The official mandate of the RBA is:

“to contribute to the stability of the currency, full employment, and the economic prosperity and welfare of the Australian people.”

In the years since the RBA first set it’s inflation target of 2 per cent to 3 per cent annually in 1993, it has not been confronted with a sustained resurgence in inflation and a significant rise in unemployment at the same time.

The big question for Governor Michele Bullock and the RBA Board is what do they do if uncomfortably high inflation remains entrenched, while unemployment continues to rise.

On this there is no hard guide, no concrete standard that tells the Reserve Bank whether they should prioritise containing inflation or attempting to support the labour market.

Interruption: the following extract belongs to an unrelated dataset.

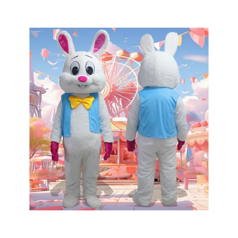 Adorable Mascotte de Lapin - La tête- Les pieds- Le gilet bleue- Les mains- Le noeud papillon

Currently economists, the major banks and the market are removing rate cuts from their outlook, with some believing the rate cut cycle is already over and the market currently pricing in one more toward the middle of next year.

But if unemployment was to rise significantly and continue on a concerning upward trend, pressure would mount on the Reserve Bank to cut rates, regardless of inflationary pressures.

There is also the question of a potential serious economic downturn or perhaps even a recession, how would that factor into the balancing of the various elements of the RBA’s mandate?

It would take a very brave RBA Governor to keep rates steady as jobs were lost and the economy fell into a recession.

We can perhaps draw some insight on the issue from the actions of the Bank of Canada (BOC), the Canadian equivalent of the RBA.

With annual core inflation currently at 2.8 per cent, significantly higher than the desired 2 per cent of the BOC’s target midpoint, Canada faces major resurgent inflation issues of its own.

Yet that hasn’t stopped the BOC from cutting interest rates.

(Source: Bank of Canada) (Source: Bank of Canada)

Amidst a 2.3 percentage point rise in unemployment since it’s cycle lows in July 2022, the Bank of Canada has made three 0.25 percentage points cut to its cash rate despite resurgent inflation.

In the latest instance last week, the BOC cut rates despite core inflation being 0.8 percentage points above its targeted midpoint.

Currently the Australian economy is in need of a positive catalyst, something that will boost the fortunes of the labour market, but at the same time not put significant upward pressure on inflation.

At this point there isn’t one expected on the horizon.

On the other hand, government could once again take to driving employment growth with government funded jobs, but with various states currently pursuing budget repair, the heavy lifting would have to increasingly be done by the federal government.

Ultimately, if the economy continues on the current path the Australian people face some challenges ahead and the RBA would face its own trial in choosing what it sees as the lesser of two evils.